Chapter 4. Recovery for HA applications with RWX storage
Applications that are using topologyKey: kubernetes.io/hostname
or no topology configuration whatsoever, have no protection against all of the application replicas being in the same zone.
This can happen even with podAntiAffinity and topologyKey: kubernetes.io/hostname
in the Pod spec because this anti-affinity rule is host-based and not zone-based.
If this happens and all replicas are located in the zone that fails, the application using RWX storage will take 6-8 minutes to recover on the active zone. This pause is for the OpenShift Container Platform nodes in the failed zone to become NotReady
(60 seconds) and then for the default pod eviction timeout to expire (300 seconds).
Chapter 5. Recovering applications with RWO storage
Applications that use RWO storage (ReadWriteOnce) have a known behavior described in this Kubernetes issue. Because of this issue, if there is a data zone failure any application pods in that zone mounting RWO volumes (for example: cephrbd
based volumes) are stuck with Terminating
status after 6-8 minutes and will not be recreated on the active zone without manual intervention.
Check the OpenShift Container Platform nodes with a status of NotReady
. It may have an issue that prevents them from communicating with the OpenShift control plane. They may still be performing IO operations against persistent volumes in-spite of this communication issue.
If two pods are concurrently writing to the same RWO volume, there is a risk of data corruption. Some measure must be taken to ensure that processes on the NotReady
node are terminated or blocked until they can be terminated.

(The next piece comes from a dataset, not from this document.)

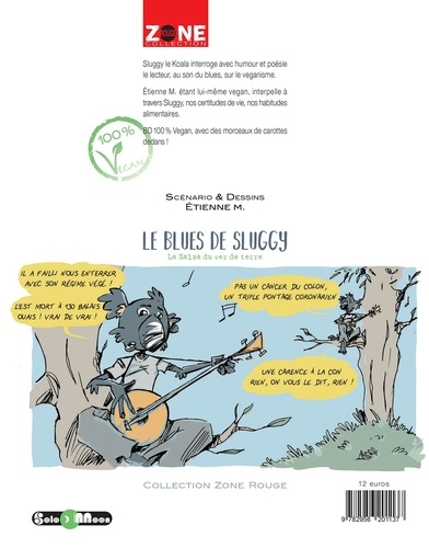 Sluggy le Koala interroge avec humour et poésie le lecteur, au son du blues, sur le veganisme. Etienne M. étant lui-même vegan, interpelle à travers Sluggy, nos certitudes de vie, nos habitudes alimentaires. BD 100 % Vegan, avec des morceaux de carottes dedans !

- Using an out of band management system to power off a node, with confirmation, would be an example of ensuring process termination.
Withdrawing a network route that is used by nodes at a failed site to communicate with storage would be another solution.

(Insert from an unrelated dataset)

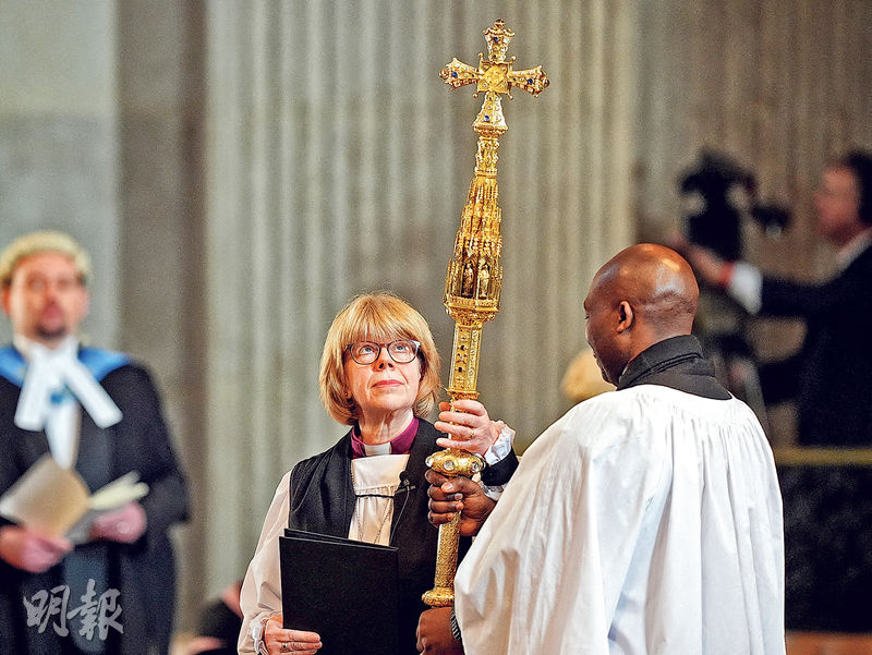 【明報專訊】現年63歲的馬拉利(Sarah Mullally,圖中)周四(28日)在倫敦聖保羅大教堂通過法律確認程序,正式就任第106任坎特伯雷大主教,成為1400年來擔任該職的首名女性,亦是英國聖公會創立近500年來首名女性領袖。當教會人員現場宣讀公告稱該任命無公眾反對時,現場有一名神職人員裝扮的男子人站出來大叫反對確認,但官方指反對意見提出方式不符合流程且超出管轄權,最終任命完成。馬拉利在儀式後向英國廣播公司(BBC)表示將公開反對厭女現象。

NoteBefore restoring service to the failed zone or nodes, there must be confirmation that all pods with persistent volumes have terminated successfully.
To get the Terminating
pods to recreate on the active zone, you can either force delete the pod or delete the finalizer on the associated PV. Once one of these two actions are completed, the application pod should recreate on the active zone and successfully mount its RWO storage.
- Force delete the pod
Force deletions do not wait for confirmation from the kubelet that the Pod has been terminated.
$ oc delete pod <PODNAME> --grace-period=0 --force --namespace <NAMESPACE>
<PODNAME>
- Is the name of the pod
<NAMESPACE>
- Is the project namespace
- Deleting the finalizer on the associated PV
Find the associated PV for the Persistent Volume Claim (PVC) that is mounted by the
Terminating
pod and delete the finalizer using theoc patch
command.$ oc patch -n openshift-storage pv/<PV_NAME> -p '{"metadata":{"finalizers":[]}}' --type=merge
<PV_NAME>
Is the name of the PV
An easy way to find the associated PV is to describe the Terminating pod. If you see a multi-attach warning, it should have the PV names in the warning (for example, pvc-0595a8d2-683f-443b-aee0-6e547f5f5a7c).

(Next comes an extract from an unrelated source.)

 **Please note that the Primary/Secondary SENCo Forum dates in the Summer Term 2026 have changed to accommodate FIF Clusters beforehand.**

$ oc describe pod <PODNAME> --namespace <NAMESPACE>
<PODNAME>
- Is the name of the pod
<NAMESPACE>
Is the project namespace
Example output:
[...] Events: Type Reason Age From Message ---- ------ ---- ---- ------- Normal Scheduled 4m5s default-scheduler Successfully assigned openshift-storage/noobaa-db-pg-0 to perf1-mz8bt-worker-d2hdm Warning FailedAttachVolume 4m5s attachdetach-controller Multi-Attach error for volume "pvc-0595a8d2-683f-443b-aee0-6e547f5f5a7c" Volume is already exclusively attached to one node and can't be attached to another
Chapter 6. Recovery for StatefulSet pods
Pods that are part of a stateful set have a similar issue as Pods mounting RWO volumes. Reference Kubernetes resource StatefulSet considerations for more information.
To get the Pods part of a StatefulSet to recreate on the active zone after 6-8 minutes, the Pod needs to be force deleted with the same requirements (i.e., OpenShift Container Platform node powered off or communication severed) as Pods with RWO volumes.